Wednesday, July 22, 2009

Retirement Planning: Estimated Recovery of Your 401(k)

We all suffered losses in our retirement plans. We all saw the account balances in our 401(k) drop significantly from their lofty heights in January 2008. The biggest problem with the stock market crisis was not who lost the most - according to the Employee Benefits Research Institute it was those with the highest account balances - but why.

Had you been in your employers plan for less than five years, your account balance did drop, by almost 50% in some instances. But because this group generally made much more in contributions than they received in actual returns, their balances did not fail below zero. Even older workers who began to use these plans at age 55, still have positive balances in their accounts.

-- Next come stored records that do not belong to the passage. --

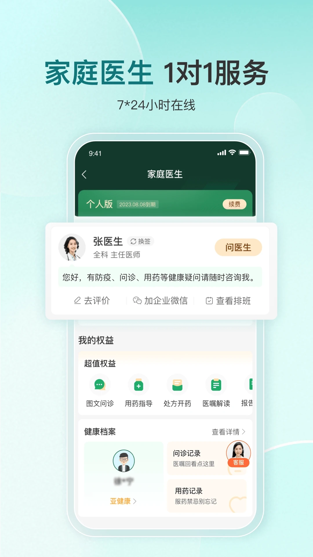 4、在线问诊服务:支持图文、语音沟通形式,提供一对一专属咨询,由专业医生为您维护健康档案,全方位守护您和家人的健康。
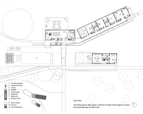 The prime functions sit behind a high counter, which has a backing of steel plate with a natural blued finish that strongly anchors the dining area while maintaining openness and view. We carefully selected this exposed sheet steel for its Rothko-like, painterly and organic feel. Behind the counter are the stove, sink prep area, and entry station for keys and packages. This working area is directly adjacent to the door to the pool terrace and casual family entry and is open on all sides, with views out into the landscape in every direction.
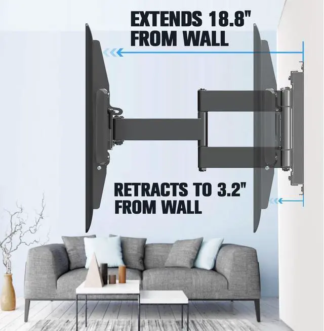 TV Mount Swivel and Tilt: TV mount can tilt TV 5° up and 15° down to reduce glare, swivel the TV left or right 45°. Extending 18.8 and retract back to 3.2, making your TV alive to move. +/-3° post-installation adjustment allows for perfect TV leveling.
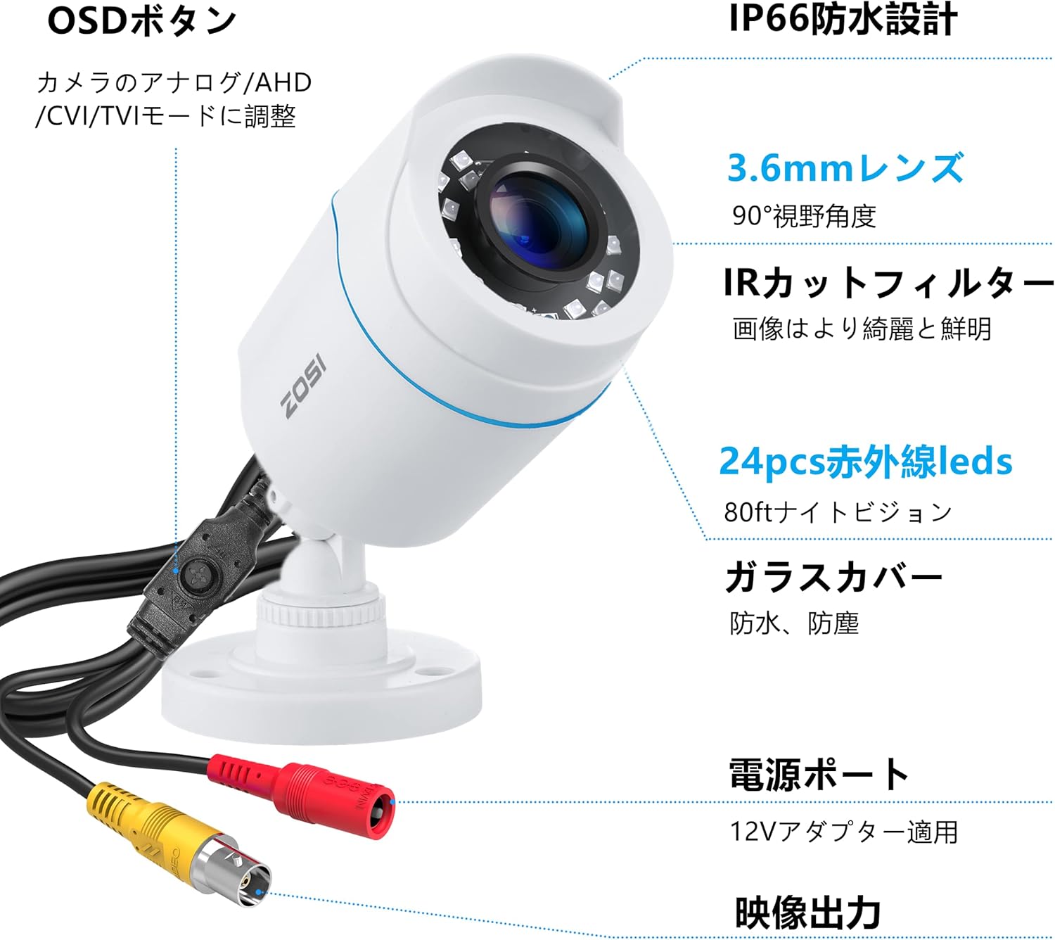 アナログ/AHD/CVI/TVIカメラ 屋内/屋外カメラ 設置簡単 安定した映像伝送 200万画素フルハイビジョン1080P 赤外線24個搭載 暗視機能 3.6MM 90°広角レンズ 電源コード式 IP66 防水防塵 プラスチック製 ホワイト C106

Folks who had the largest account balances, generally those in the study group aged 55-64 years old were seriously impacted by the downturn, losing on average 17%. According to EBRI, this median number and losses associated with it were due in large part to an overexposure to equities.

Despite all of the cries to diversify, to protect assets from just this kind of market correction, and the attraction to those gains offered by staying in equities far beyond when it would be considered wise, older retirement plan investors felt the pain to a much greater degree than younger investors/co-workers.

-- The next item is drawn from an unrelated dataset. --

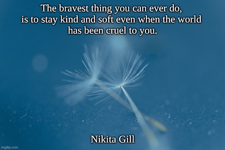 The bravest thing you can ever do, is to stay kind and soft even when the world has been cruel to you.
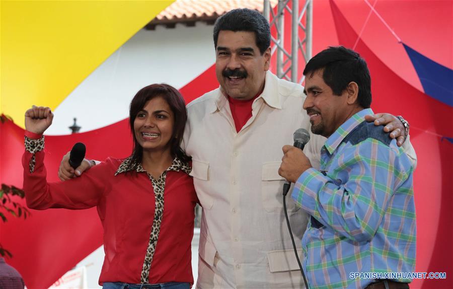 El presidente venezolano Nicolás Maduro (c) encabeza el acto público para conmemorar el vigésimo tercer aniversario de la Misión Robinson en la Plaza Bolívar de Caracas, Venezuela, el 2 de julio de 2016. De acuerdo con la prensa local, la Misión Robinson es un programa social para alfabetizar a personas excluidas de la educación formal y capacitarlas en diversos oficios productivos. Más de 70,000 alfabetizados se han graduado de la educación primaria y continuarán con un bachillerato productivo. (Xinhua/AVN)

So what should you do if you are aged 55 or older? What should you do if you are younger, aged 20-34 or if you fall in-between those ages?

The older investor, had they stayed put in their original investments, continued to contribute and withdrew no monies from the plan either with loans or withdrawals of cash, will see their portfolios - and this is an estimate - recover in two to five years based on a modest market recovery of 5%. If you made moves to diversify after the fact, such as moving assets into safer investments such as lifestyle/target-dated type funds or simply moved into investments with less equity exposure, the recovery time could be twice what it would have been had you done nothing.

According to the EBRI: "Estimates from the EBRI/ICI 401(k) database show that many participants near retirement had exceptionally high exposure to equities: Nearly 1 in 4 between ages 56–65 had more than 90 percent of their account balances in equities at year-end 2007, and more than 2 in 5 had more than 70 per-cent."

There is a tendency for investors is to concentrate on the short-term rather than long-term performance. This is especially true of younger investors who realized outsized gains in their portfolios during the last four years. They were better suited to risk and were more likely to see those gains as justification to continue to channel money into their plans. Older investors, who may have been good contributors as well, felt larger losses in their portfolios because they had amassed larger balances.

In this type of market downturn, buy and hold may have been the best method of retaining long-term growth - but only for younger investors. Older investors had to learn the lesson of diversification the hard way. But either group, if they have the time and a modest market recovery, should see their balances return in less than a decade.